July 29, 2012 at 1:34 am

“If you look at the code, it certainly looks very twisted”

oh ho ho

liam says:|

July 29, 2012 at 9:12 am

CommonJS has a proposal for a feature callled Promises which should provide help for devs used to writing sequential code. Of course, you could also go with any of the many functional languages (like OCaml!), but how can you pick just one?
Regarding your question about cfq, assuming you are right, and it doesn’t get patched, should glib query sysfs about which elevator is in use?

thomasvs says:|

July 29, 2012 at 10:53 am

For me, back in the day, realizing that for real programs interacting with people or other systems, you either have to go async or threaded, was a big step too. You articulated it really well in this article. Realizing that even a simple stat call can block your program completely was one step for me. (it’s why we ended up pushing GStreamer into a design that used more threads to handle I/O).

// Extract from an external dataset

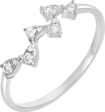 Dainty round diamond clusters illuminate this stackable band ring handcrafted from polished 18-karat white gold.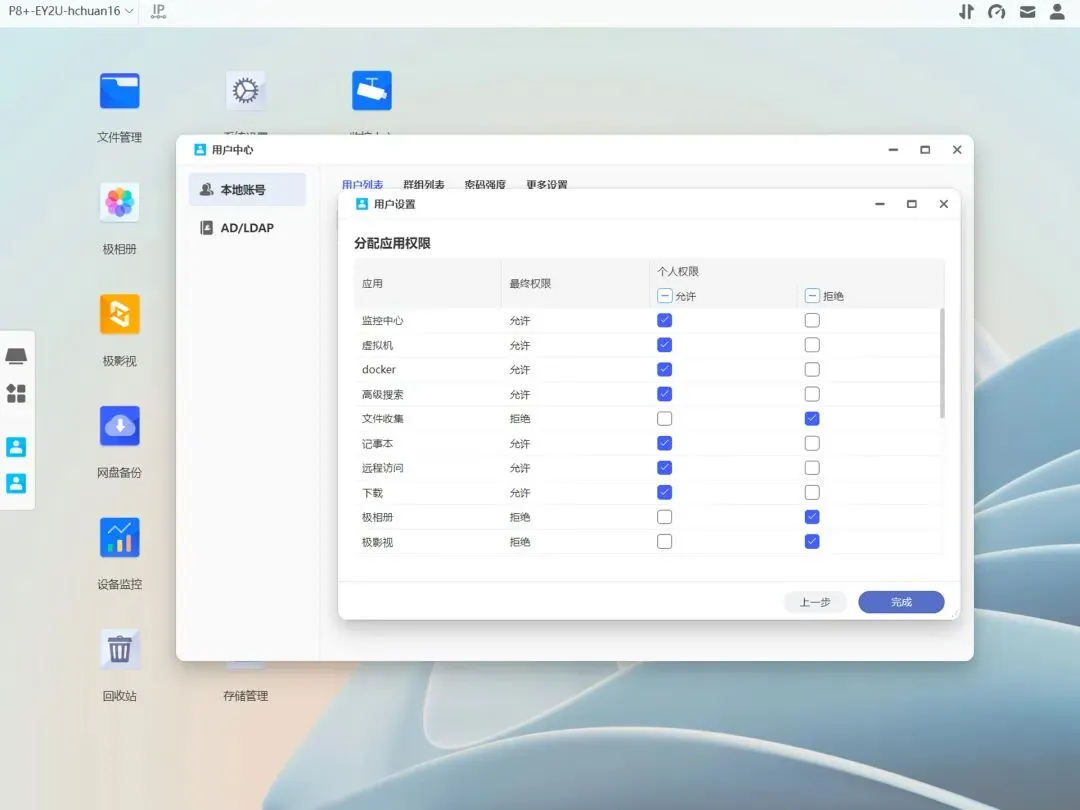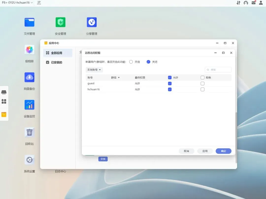针对不同群组用户,应用中心安装软件时会自动弹出权限设置,个人用户看着是麻烦点,但对企业来说是好事,毕竟保密更重要一些。

Funnily enough, I realized this more through my use of Twisted than through GTK. Twisted makes it explicit from the very beginning; I always felt GTK/GLib tried to keep the details away from you on how that whole main loop thing worked. Yes, of course it was callback-based, but it wasn’t necessarily ever clear from the docs why – I guess I just assumed that’s how everyone had always done things.

So was that an intended pun, twisted ? 🙂

Henri Bergius says:|

July 29, 2012 at 6:22 pm

There are several approaches at managing asynchronous code in the Node.js community, from promises to the async library (https://github.com/caolan/async/) and flow-based programming (http://noflojs.org/).

Given that Node.js can no run GObject libraries via node-gir (http://bergie.iki.fi/blog/node-gir/), it might be a possibility to try how some of these fit into the GNOME world.

l says:|

July 30, 2012 at 8:54 am

Your code is ugly… Write logic not mechanics.

http://jeditoolkit.com/2012/04/26/code-logic-not-mechanics.html

You don’t neccesarily have to do it in this way, but you should in some way achieve:

A for loop with recursion in to sub dirs, that dispatches the events needed for updating the gui.

Anything else is just ugly, and will lead to spaghetti code.

Rich says:|

July 30, 2012 at 9:40 pm

What you need is control inversion and/or co-routines. Write straightforward linear code and have the compiler or runtime turn it into the complex event-driven stuff.